### TRY IT
For every record beneath this instruction, give an exact repetition, omitting images.

### RECORD SET
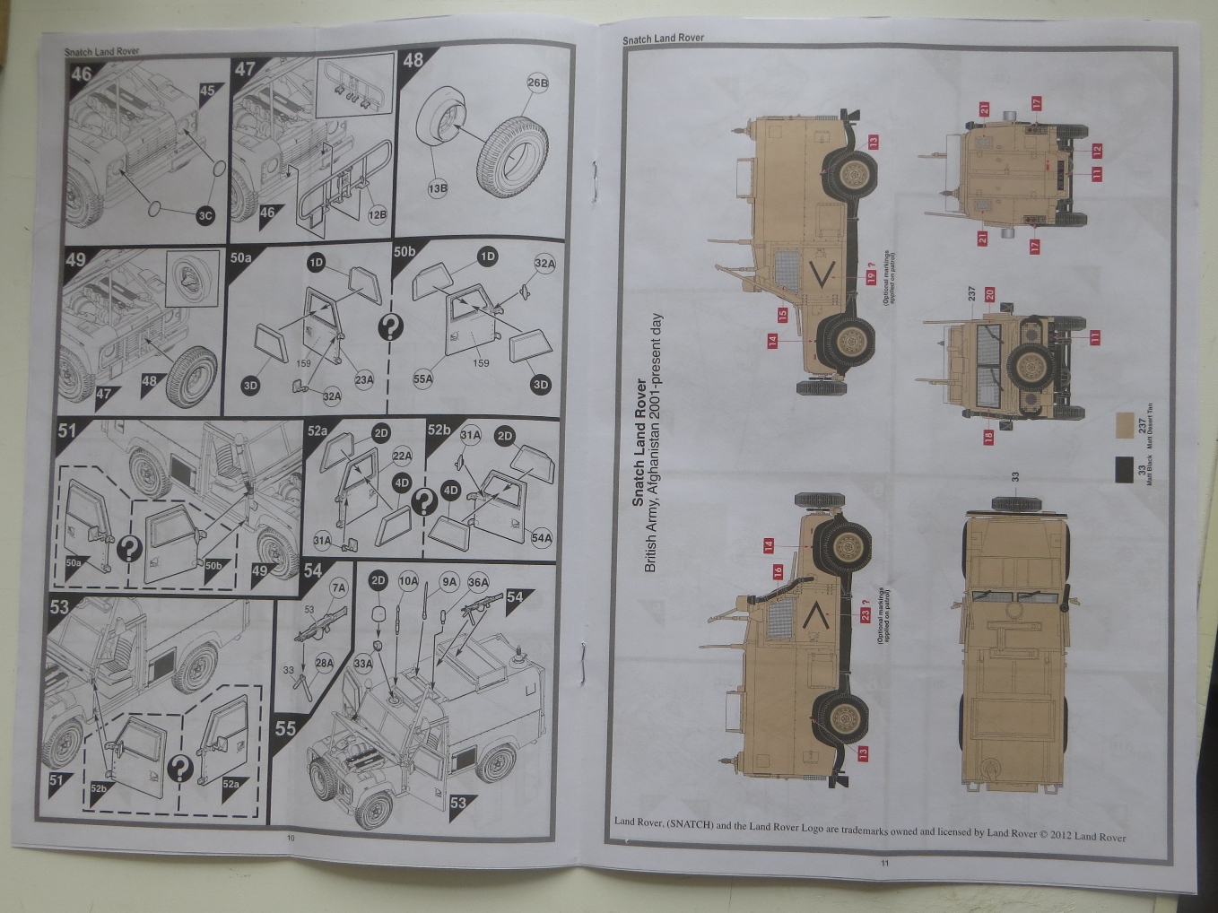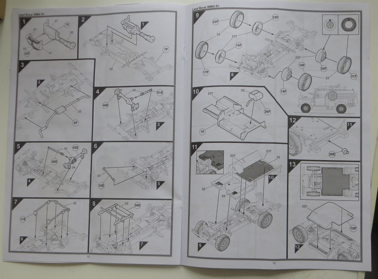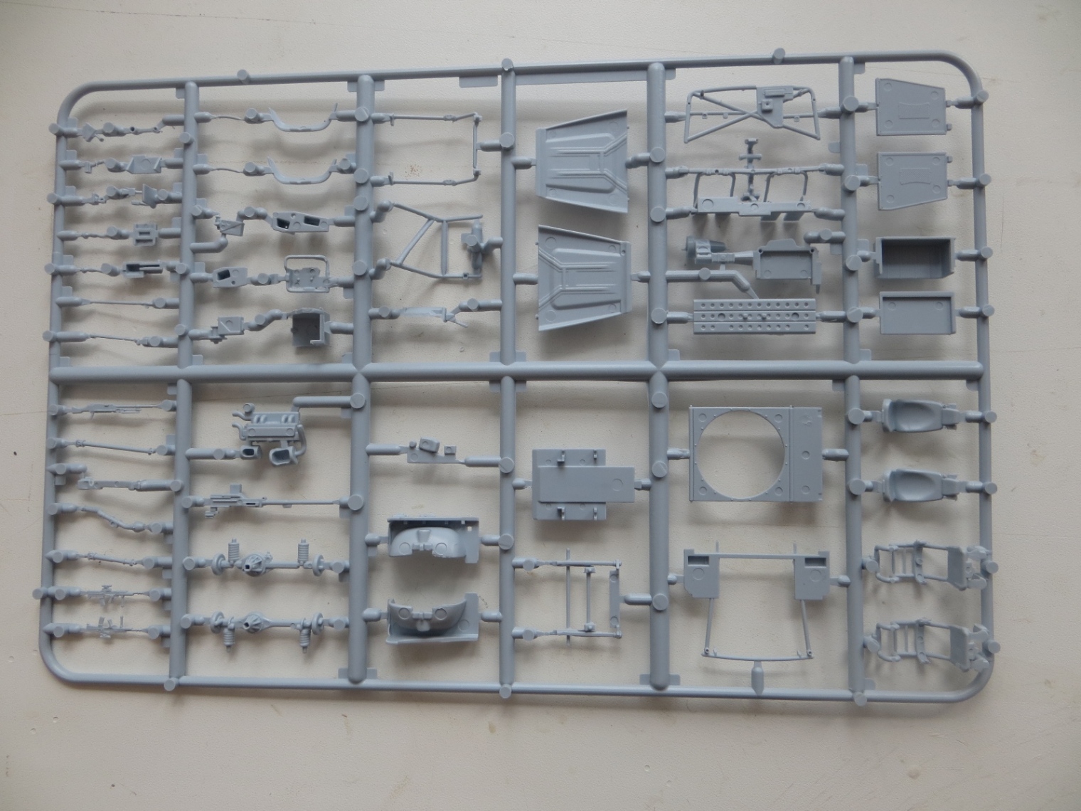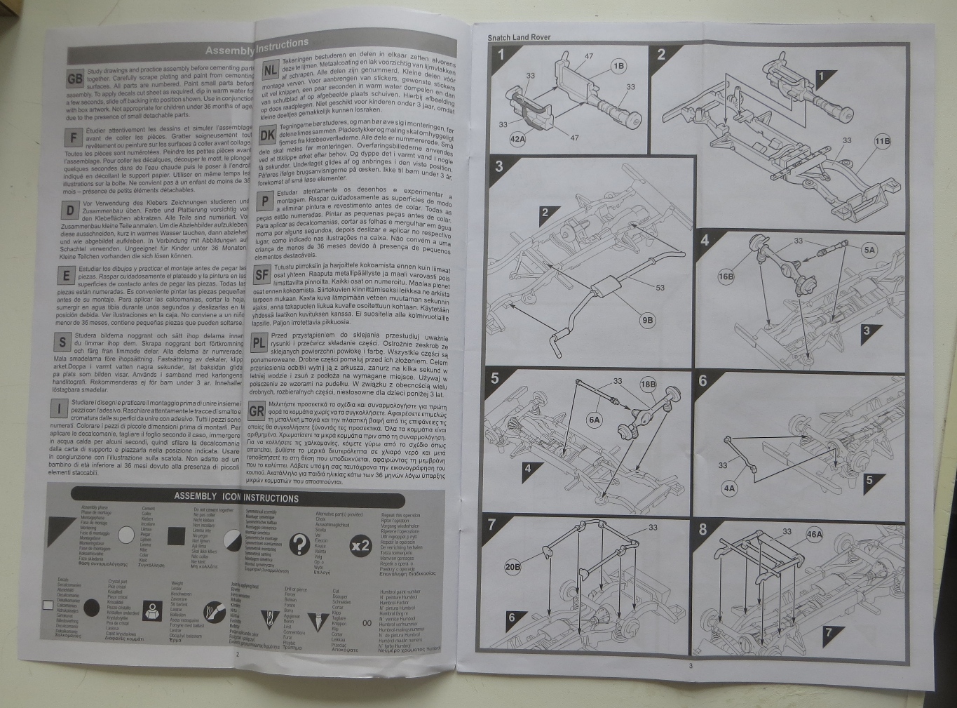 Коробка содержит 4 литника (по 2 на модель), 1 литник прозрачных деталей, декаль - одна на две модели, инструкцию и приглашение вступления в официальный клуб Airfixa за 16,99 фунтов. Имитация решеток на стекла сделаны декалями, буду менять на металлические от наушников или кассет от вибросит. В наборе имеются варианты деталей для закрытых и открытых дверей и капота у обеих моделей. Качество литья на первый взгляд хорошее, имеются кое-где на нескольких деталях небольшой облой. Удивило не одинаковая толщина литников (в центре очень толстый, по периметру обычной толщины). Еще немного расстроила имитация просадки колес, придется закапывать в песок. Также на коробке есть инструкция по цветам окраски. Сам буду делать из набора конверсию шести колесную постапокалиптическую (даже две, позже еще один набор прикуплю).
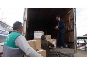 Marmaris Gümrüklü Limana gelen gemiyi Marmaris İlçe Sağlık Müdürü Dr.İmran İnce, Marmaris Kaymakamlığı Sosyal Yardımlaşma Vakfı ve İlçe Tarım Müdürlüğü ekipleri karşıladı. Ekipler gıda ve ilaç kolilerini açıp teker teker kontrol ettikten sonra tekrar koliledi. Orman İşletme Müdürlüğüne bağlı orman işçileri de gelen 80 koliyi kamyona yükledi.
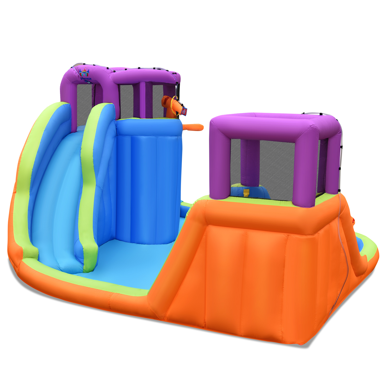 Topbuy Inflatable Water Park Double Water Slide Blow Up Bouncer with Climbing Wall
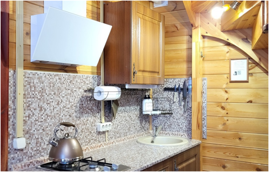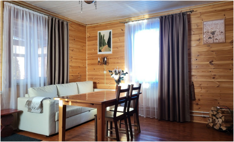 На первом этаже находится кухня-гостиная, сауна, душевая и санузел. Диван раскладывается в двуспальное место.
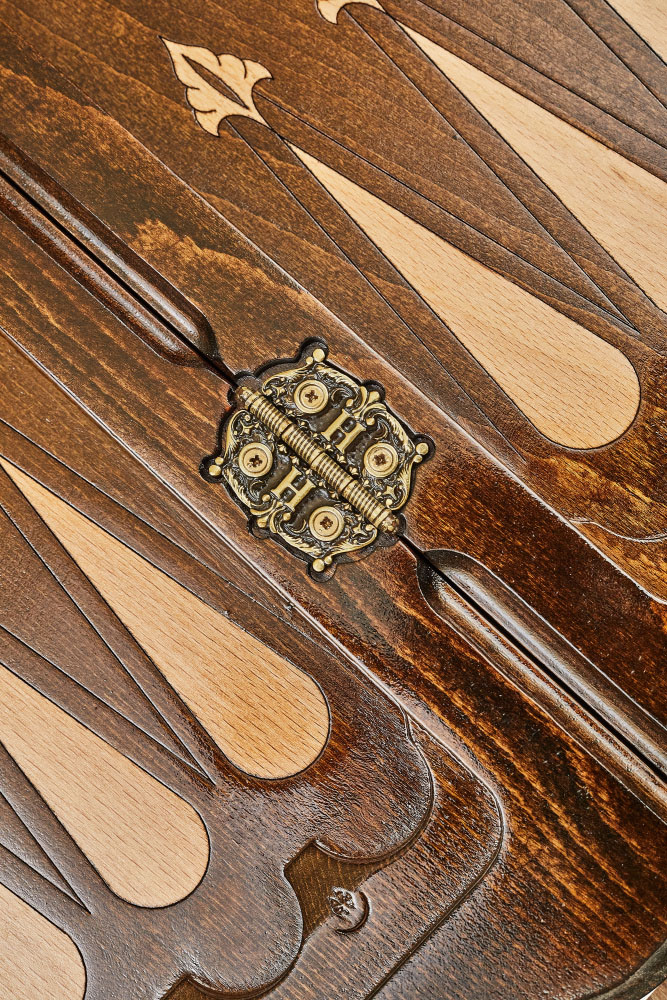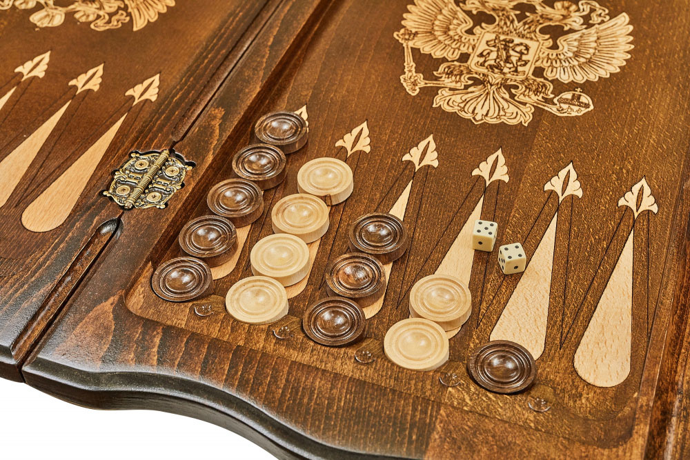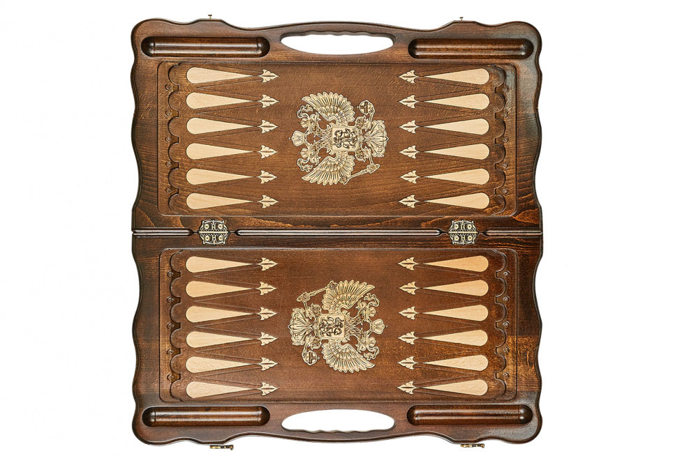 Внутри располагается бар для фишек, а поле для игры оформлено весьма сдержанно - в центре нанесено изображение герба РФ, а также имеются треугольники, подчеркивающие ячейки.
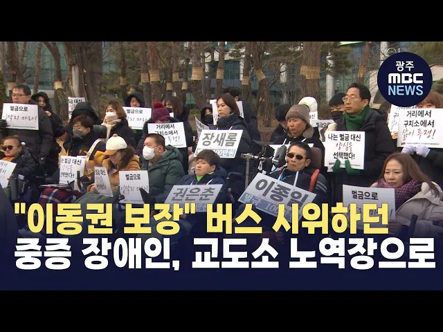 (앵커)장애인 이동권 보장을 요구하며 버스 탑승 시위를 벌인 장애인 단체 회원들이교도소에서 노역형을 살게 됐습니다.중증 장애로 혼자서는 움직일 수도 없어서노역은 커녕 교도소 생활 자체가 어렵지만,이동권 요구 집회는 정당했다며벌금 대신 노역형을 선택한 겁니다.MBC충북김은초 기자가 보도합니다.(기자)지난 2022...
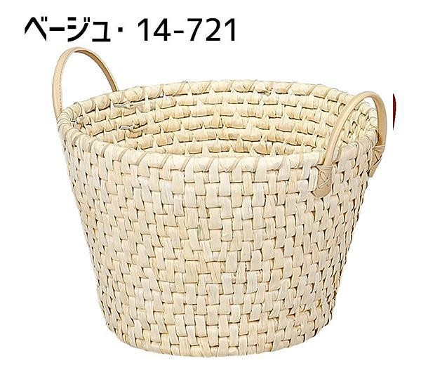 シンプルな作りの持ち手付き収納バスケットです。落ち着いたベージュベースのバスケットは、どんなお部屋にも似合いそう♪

### ANSWER SECTION
 Коробка содержит 4 литника (по 2 на модель), 1 литник прозрачных деталей, декаль - одна на две модели, инструкцию и приглашение вступления в официальный клуб Airfixa за 16,99 фунтов. Имитация решеток на стекла сделаны декалями, буду менять на металлические от наушников или кассет от вибросит. В наборе имеются варианты деталей для закрытых и открытых дверей и капота у обеих моделей. Качество литья на первый взгляд хорошее, имеются кое-где на нескольких деталях небольшой облой. Удивило не одинаковая толщина литников (в центре очень толстый, по периметру обычной толщины). Еще немного расстроила имитация просадки колес, придется закапывать в песок. Также на коробке есть инструкция по цветам окраски. Сам буду делать из набора конверсию шести колесную постапокалиптическую (даже две, позже еще один набор прикуплю).
 Marmaris Gümrüklü Limana gelen gemiyi Marmaris İlçe Sağlık Müdürü Dr.İmran İnce, Marmaris Kaymakamlığı Sosyal Yardımlaşma Vakfı ve İlçe Tarım Müdürlüğü ekipleri karşıladı. Ekipler gıda ve ilaç kolilerini açıp teker teker kontrol ettikten sonra tekrar koliledi. Orman İşletme Müdürlüğüne bağlı orman işçileri de gelen 80 koliyi kamyona yükledi.
 Topbuy Inflatable Water Park Double Water Slide Blow Up Bouncer with Climbing Wall
 На первом этаже находится кухня-гостиная, сауна, душевая и санузел. Диван раскладывается в двуспальное место.
 Внутри располагается бар для фишек, а поле для игры оформлено весьма сдержанно - в центре нанесено изображение герба РФ, а также имеются треугольники, подчеркивающие ячейки.
 (앵커)장애인 이동권 보장을 요구하며 버스 탑승 시위를 벌인 장애인 단체 회원들이교도소에서 노역형을 살게 됐습니다.중증 장애로 혼자서는 움직일 수도 없어서노역은 커녕 교도소 생활 자체가 어렵지만,이동권 요구 집회는 정당했다며벌금 대신 노역형을 선택한 겁니다.MBC충북김은초 기자가 보도합니다.(기자)지난 2022...
 シンプルな作りの持ち手付き収納バスケットです。落ち着いたベージュベースのバスケットは、どんなお部屋にも似合いそう♪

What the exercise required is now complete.